Critical bug fix: A cublasLtMatmul issue that could lead to incorrect results when running concurrently with another kernel that uses Tensor Memory has been fixed NVIDIA — this affected Compute Capability 10.x and 11.x since cuBLAS 12.8. Could be related to quality degradation people were seeing.

CUDA Tile — Now on SM120/SM121

CUDA Tile is now supported on compute capability 8.X (Ampere and Ada), as well as 10.X and 12.X architectures (Blackwell). NVIDIA Developer This is the new tile-based programming model NVIDIA introduced in 13.0. cuTile Python (the Python DSL) now supports recursive functions, closures, custom reductions, and enhanced array slicing. This could eventually become the cleaner path to writing optimized NVFP4 kernels for SM121 vs the current CUTLASS patch-and-pray approach.

Unified Tegra + Desktop Toolkit

CUDA 13.2 delivers a single unified toolkit for Tegra and desktop GPUs, reducing overhead for containers and libraries. NVIDIA This is relevant for DGX Spark since GB10 is an aarch64 Tegra-derived SoC — fewer divergences between the Tegra and desktop CUDA paths means less chance of hitting SM121-specific bugs that only appear on the Spark.

Other Notable Items

PTX ISA 9.2 — new PTX features, worth checking if there are any SM121-specific instruction improvements.

Compiler: support for new host compilers including VS 2026, plus improved nvcc host compilation support on aarch64 systems, including fixes for ARM Neon intrinsics when using newer GCC versions.

CUDA_DISABLE_PERF_BOOST env var added — lets you disable GPU power state boosting, useful for power management in your rack enclosure project.

Is it worth upgrading to CUDA 13.2?
What do you guys think?

7 Likes

Definitely look forward to upgrading - once it arrives in the official system updates.

2 Likes

Dear @aniculescu /NVIDIA,
I wonder, when we can use or install CUDA 13.2 CUDA Toolkit 13.2 - Release Notes — Release Notes 13.2 documentation or our GB10 (e.g., DGX Spark) devices will be upgraded automatically to this CUDA 13.2 version, because this version contains multiple DGX Spark improvements?
Many thanks!

4 Likes

I hope this gets released very soon.

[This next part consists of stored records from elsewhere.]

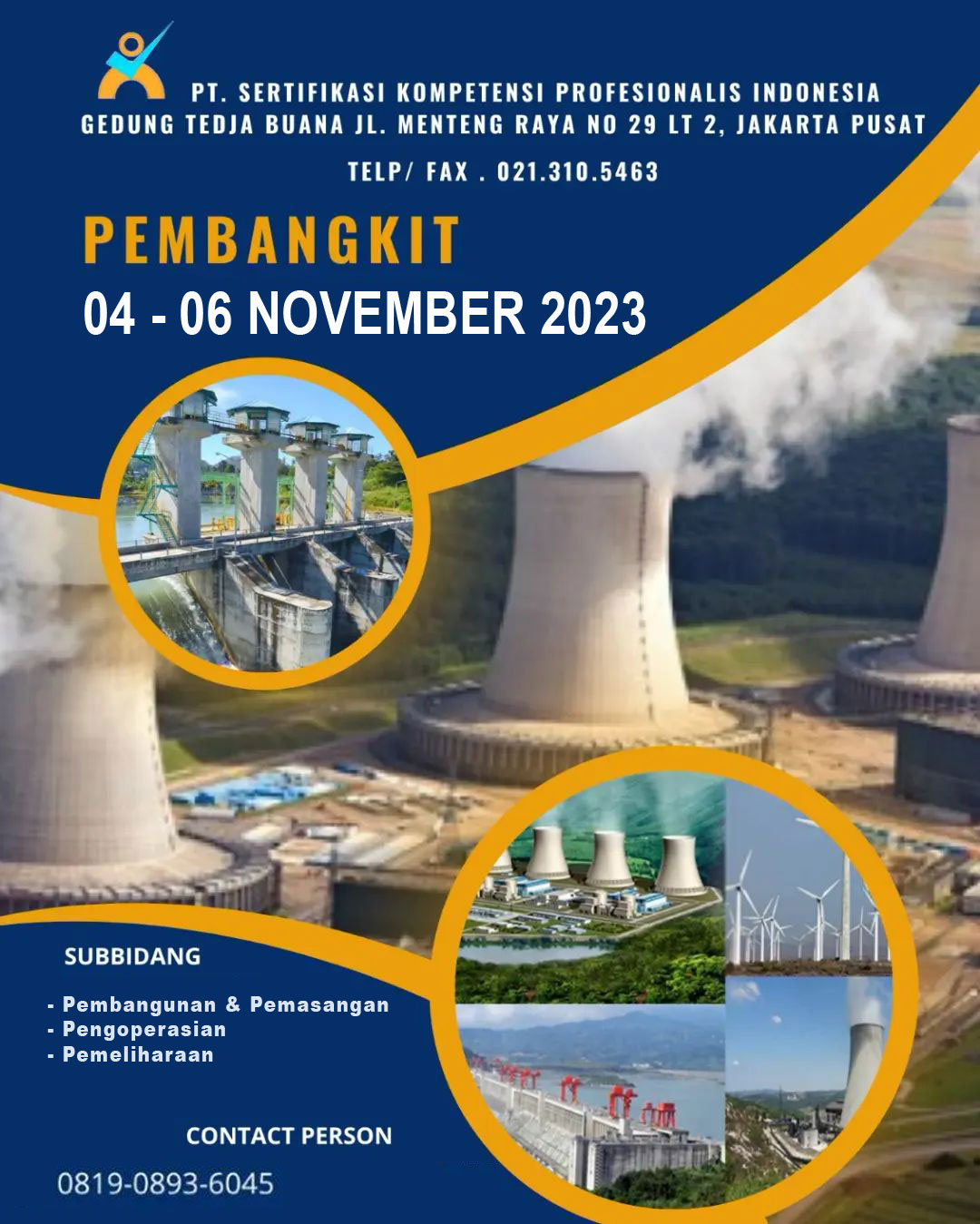 sub bidang – Pembangunan dan Pemasangan – Pengoperasian – Pemeliharaan di minggu ke 1 November 2023 ini. Dengan jumlah sertifikat akreditasi 25 sertifikat , Minggu Pertama di tanggal 04 November sampai dengan 06 November 2023,untuk informasi bisa ditanyakan secara Langsung datang ke kantor kami atau Via Online dengan cara sebagai berikut : atau info pendaftaran untuk mengikuti event berikutnya Segera daftar di form ini atau menghubungi kontak tertera di gambar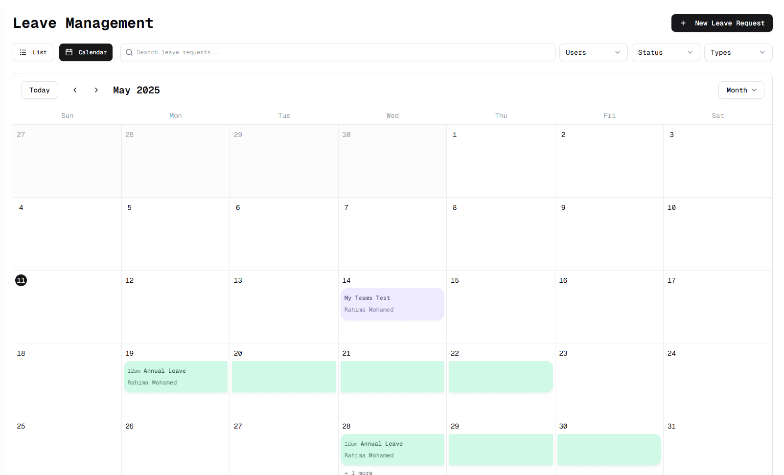 Calendar view of all your team's leaves, so you can see who's off and when. List view is also available.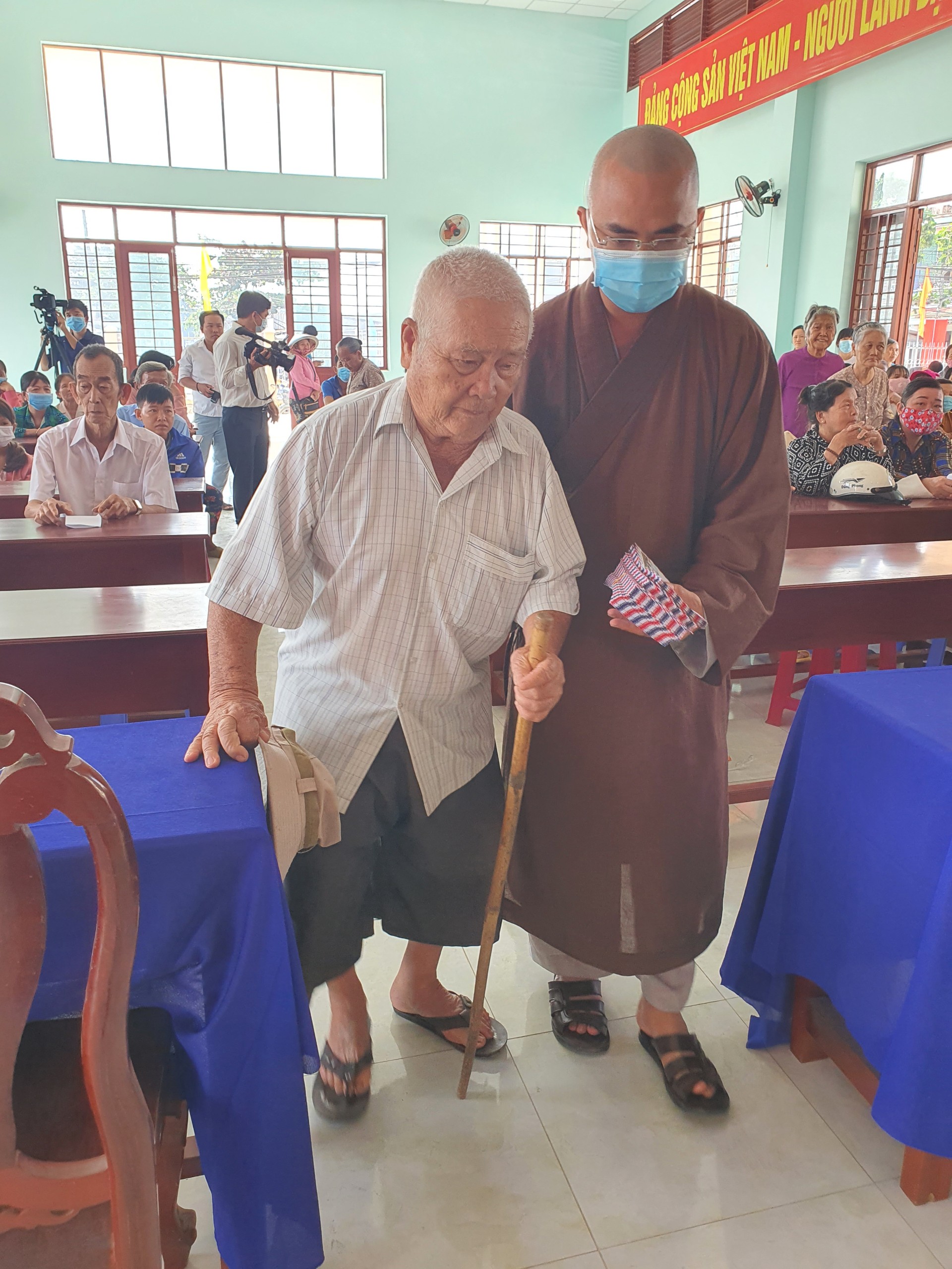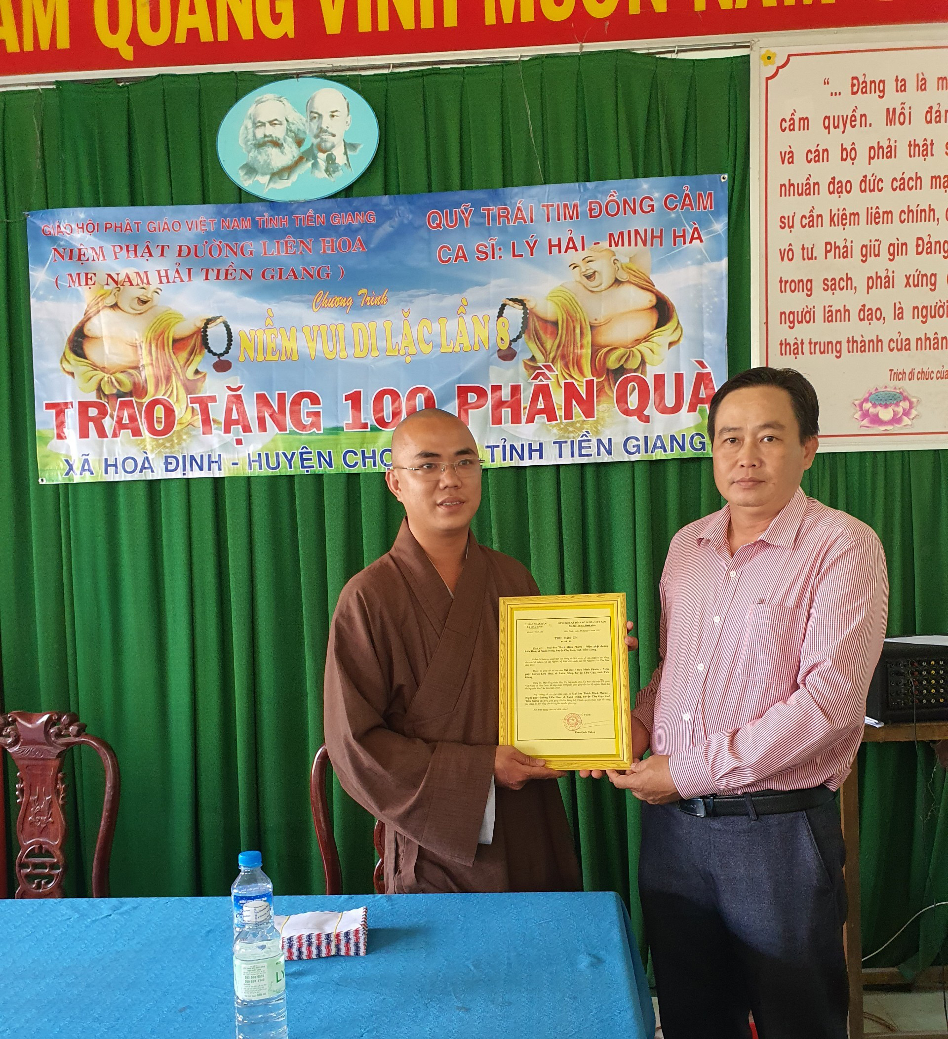 PSO – Nhằm giúp cho bà con nghèo có được một cái Tết cổ truyền thật an vui, trong những ngày cuối năm Canh Tý, Đại đức Thích Minh Phước – Trụ trì Niệm Phật đường Liên Hoa (xã Xuân Đông, huyện Chợ Gạo, Tiền Giang) đã kết hợp với chính quyền các địa phương và nhà tài trợ tổ chức trao tặng 1.900 phần quà với tổng trị giá 665 triệu đồng đến bà con nghèo, các hoàn cảnh khó khăn hai tỉnh: Tiền Giang và Bến Tre.

Here is today’s latest update: nvcc --version

nvcc: NVIDIA (R) Cuda compiler driver
Copyright (c) 2005-2025 NVIDIA Corporation
Built on Wed_Aug_20_01:57:39_PM_PDT_2025
Cuda compilation tools, release 13.0, V13.0.88
Build cuda_13.0.r13.0/compiler.36424714_0

Just saying “hi” while waiting for everyone else for the official GB10 update with CUDA 13.2!

3 Likes

The community docker is using nvidia/cuda:13.2.0-devel-ubuntu24.04 as a base now.

3 Likes

What if you run something outside a docker container? Any official way to update to 13.2 on the Spark?

The “official” and safe way is to wait until it gets approved for the use with the DGX Spark/GB10 platform. Otherwise you might end up with a broken system or at least possibly an impaired system.

If you’re comfortable working with Linux systems, you can install “bleeding edge” drivers, provided you know how to quickly roll back the old driver even without a working console (fallback via SSH).

Nevertheless, you should always have a backup on hand. ;-)

Nah, I may feel comfortable still I don’t wanna risk everything I have on my Sparks. They are too precious. :)